> _Assignment_
Retype only what runs from the first line of the records to the line with "Solid colors: 100%", inclusive, and no pictures.

Segment Start: Data for processing

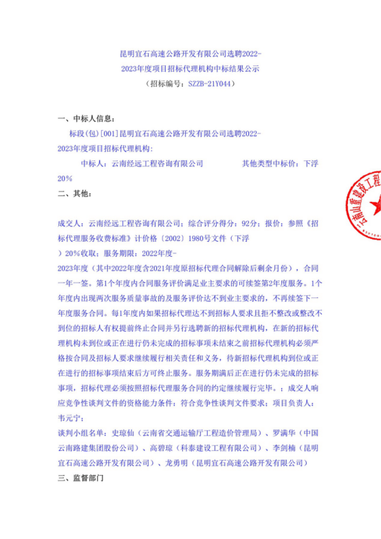 昆明宜石高速公路开发有限公司选聘2022-2023年度项目招标代理机构中标结果公示
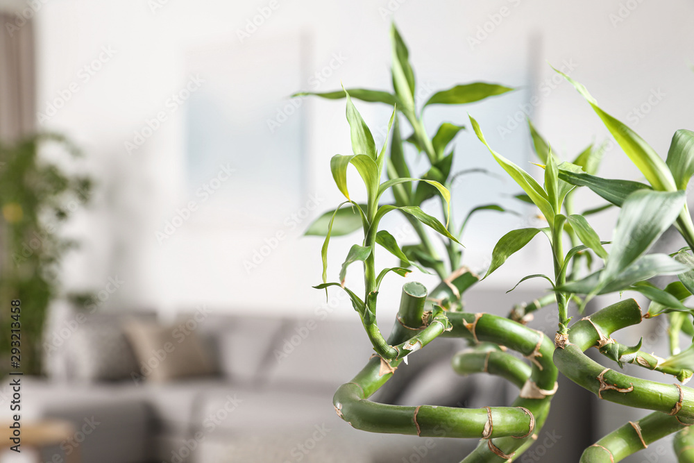 Bamboo stems in living room, closeup. Space for text
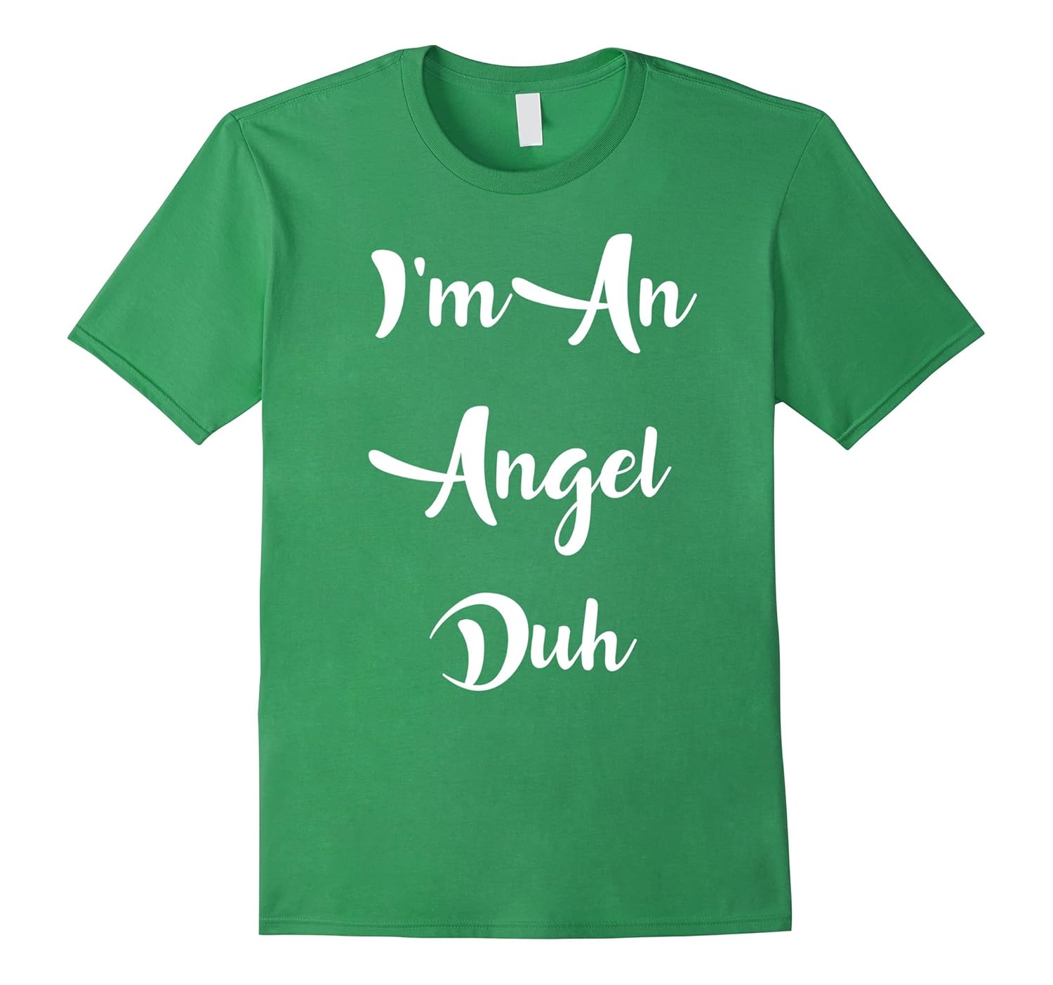 Solid colors: 100% Cotton; Heather Grey: 90% Cotton, 10% Polyester; All Other Heathers: 65% Cotton, 35% Polyester, Imported, Machine wash cold with like colors, dry low heat, Im An Angel Duh is a funny Christmas outfit or costume for couples and the whole family. Great gift idea for your kids, wife and husband. Dress up with you girlfriend or boyfriend with matching tshirts for the Holidays. Perfect gift for boys and girls, Great Christmas easy costume t shirt idea to combine with cool and cute angel wings with feathers or antler headband. Wear this tshirt to a party or family dinner. Perfect Christmas present idea for a friend, mom and dad. Lightweight, Classic fit, Double-needle sleeve and bottom hem
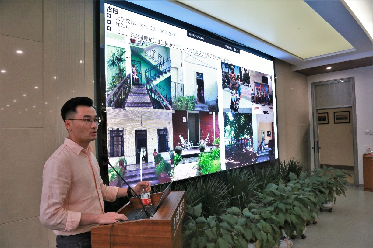 王栋以“世界这么大,我带你看看——在人间,我的大学”为题,分享了他在某全球领先的ICT(信息与通信)基础设施和职能终端提供商位于拉丁美洲的分支机构5年来的工作和生活体验,他介绍了主要工作的若干个国家,从社会制度、文化、信仰、经济等视角切入,为学弟学妹们呈现了一组真实且生动的拉美国家人民的生活片段。另外,王栋回忆了自己的大学生活,鼓励大家在认真学习专业知识的同时,不断探索并尝试人生中不同的可能性,找准自己的兴趣点,拓展生命的宽度,实现更高的价值。
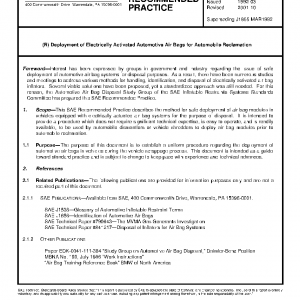 This SAE Recommended Practice describes the method for safe deployment of air bag modules in vehicles equipped with electrically actuated air bag systems for the purpose of disposal. It is intended to provide a procedure which does not require significant technical expertise, is easy to operate, and is readily available, to be used by automobile dismantlers or vehicle shredders to deploy air bag modules prior to automobile reclamation.

Segment End: Data for processing

> _Solution to the exercise_
 昆明宜石高速公路开发有限公司选聘2022-2023年度项目招标代理机构中标结果公示
 Bamboo stems in living room, closeup. Space for text
 Solid colors: 100% Cotton; Heather Grey: 90% Cotton, 10% Polyester; All Other Heathers: 65% Cotton, 35% Polyester, Imported, Machine wash cold with like colors, dry low heat, Im An Angel Duh is a funny Christmas outfit or costume for couples and the whole family. Great gift idea for your kids, wife and husband. Dress up with you girlfriend or boyfriend with matching tshirts for the Holidays. Perfect gift for boys and girls, Great Christmas easy costume t shirt idea to combine with cool and cute angel wings with feathers or antler headband. Wear this tshirt to a party or family dinner. Perfect Christmas present idea for a friend, mom and dad. Lightweight, Classic fit, Double-needle sleeve and bottom hem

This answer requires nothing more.